Procès des attentats de janvier 2015 : "Je suis atterré, effondré comme nous tous" par la nouvelle attaque, se désole l'avocat de "Charlie Hebdo"

La cour lors du procès des attentats de janvier 2015 à Paris, le 16 septembre 2020.
La cour lors du procès des attentats de janvier 2015 à Paris, le 16 septembre 2020. (BENOIT PEYRUCQ / AFP)

En fin de matinée, Richard Malka a fait une déclaration à propos de l'attaque qui a eu lieu devant les anciens locaux du journal, vendredi 25 septembre.

Le procès des attentats de janvier 2015 se poursuit lundi 28 septembre devant la cour d'assises spéciale de Paris. L'attaque qui a fait deux blessés à Paris et qui a suscité une vive stupeur dans les travées du tribunal judiciaire, vendredi, s'est invitée durant l'audience. "Je suis atterré, effondré comme nous tous par ce nouvel attentat. Je pense aux personnes qui sont blessées, qui ont la vie sauve, mais dont la vie ne sera plus jamais la même, ni pour leurs proches, ni pour leurs collègues de travail", s'est ainsi désolé Richard Malka, avocat de Charlie Hebdo. "Il faut que le monde culturel se réarme intellectuellement, il faut que les politiques passent du discours aux actes."

Des enquêteurs de la section antiterroriste auditionnés. Après avoir entendu un enquêteur de la DGSI vendredi, la cour doit auditionner des agents de la section antiterroriste sur la téléphonie des assaillants, sur la garde à vue de deux accusés pour l'achat de matériel et sur le départ d'Hayat Boumedienne, épouse d'Amedy Coulibaly, en Syrie.
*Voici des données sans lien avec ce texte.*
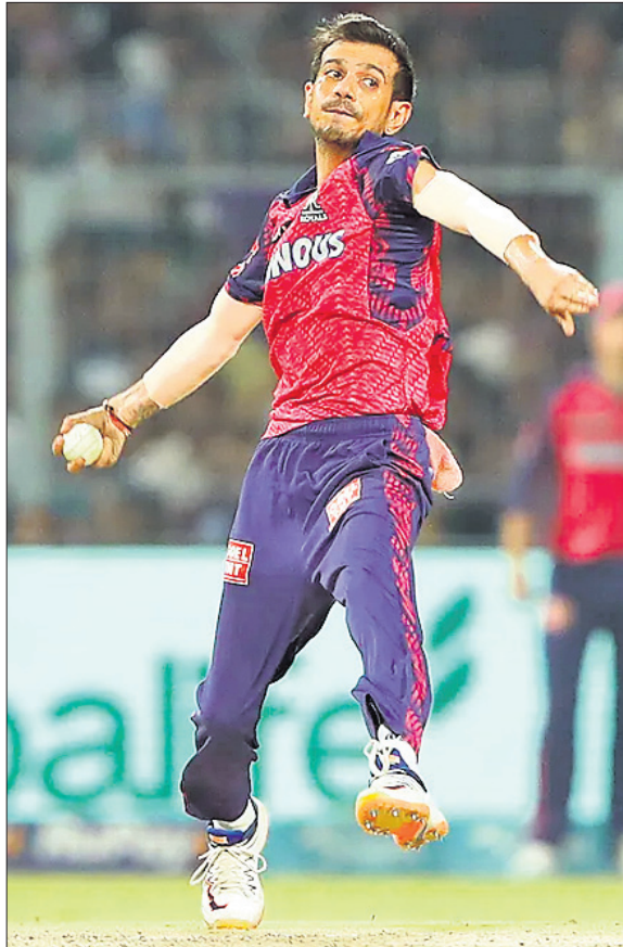
୪ ଉଇକେଟ ହାସଲକାରୀ ରାଜସ୍ଥାନ ମୁମ୍ବାଇ ଟ୍ରେନ୍ସରେ

ଇଡେନ ଗାର୍ଡେନ୍ସରେ ଆଇପିଏଲର ୫୬ତମ ମ୍ୟାଚରେ ମୁମ୍ବାଇ ରୋୟାଲ୍ସ ଓ ରାଜସ୍ଥାନ ରୟାଲ୍ସ ମଧ୍ୟରେ ମ୍ୟାଚ ଖେଳାଯାଇଥିଲା। ତୃତୀୟ ସ୍ଥାନରେ ରାଜସ୍ଥାନ ଯାଇଛି।

Les veuves des frères Kouachi disent n'avoir rien vu. Vendredi, Izzana H. et Soumia B. ont affirmé n'avoir "rien décelé" d'anormal dans le comportement de leurs époux dans les jours et semaines ayant précédé l'attentat. "J'ai beau refaire le film, je ne comprends pas", a affirmé Izzana H. "Il n'a pas changé dans son comportement", a ajouté Soumia B.

Un membre des renseignements évoque des "regrets"Un membre du renseignement français s'est défendu de toute "faille" dans la surveillance ou l'absence de suivi des auteurs des attentats de janvier 2015. A l'époque "on ne détectait pas une volonté de passer à l'acte", malgré "un travail très approfondi", a-t-il déclaré devant la cour vendredi.